La confiance filiale.

La confiance filiale est éprouvée - elle se prouve - dans la tribulation. La difficulté principale concerne la prière de demande, pour soi ou pour les autres dans l'intercession. Certains cessent même de prier parce que, pensent-ils, leur demande n'est pas exaucée. Ici deux questions se posent Pourquoi pensons-nous que notre demande n'a pas été exaucée? Comment notre prière est-elle exaucée, « efficace »?

Pourquoi nous plaindre de ne pas être exaucés?

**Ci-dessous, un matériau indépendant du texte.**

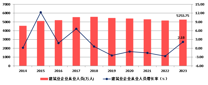 图6 2014-2023年建筑业从业人数增长情况

Une constatation devrait d'abord nous étonner. Quand nous louons Dieu ou Lui rendons grâces pour ses bienfaits en général, nous ne sommes guère inquiets de savoir Si notre prière Lui est agréable. En revanche, nous exigeons de voir le résultat de notre demande. Quelle est donc l'image de Dieu qui motive notre prière un moyen à utiliser ou le Père de notre Seigneur Jésus-Christ? Sommes-nous convaincus que « nous ne savons que demander pour prier comme il faut » (Rm 8, 26)? Demandons-nous à Dieu « les biens convenables »? Notre Père sait bien ce qu'il nous faut, avant que nous le Lui demandions, mais Il attend notre demande parce que la dignité de ses enfants est dans leur liberté. Or il faut prier avec son Esprit de liberté, pour pouvoir connaître en vérité son désir. Vous ne possédez pas parce que vous ne demandez pas. Vous demandez et ne recevez pas parce que vous demandez mal, afin de dépenser pour vos passions » (Jc 4, 2-3). Si nous demandons avec un coeur partagé, « adultère » (Jc 4, 4), Dieu ne peut nous exaucer, car Il veut notre bien, notre vie. « Pensez-vous que l'Écriture dise en vain Il désire avec jalousie l'Esprit qu'Il a mis en vous? » (Jc 4,5.) Notre Dieu est «jaloux » de nous, ce qui est le signe de la vérité de son amour. Entrons dans le désir de son Esprit et nous serons exauces. Ne t'afflige pas si tu ne reçois pas immédiatement de Dieu ce que tu Lui demandes; c'est qu'Il veut te faire plus de bien encore par ta persévérance à demeurer avec Lui dans la prière1. Il veut que notre désir s'éprouve dans la prière. Ainsi, Il nous dispose à recevoir ce qu'Il est prêt à nous donner.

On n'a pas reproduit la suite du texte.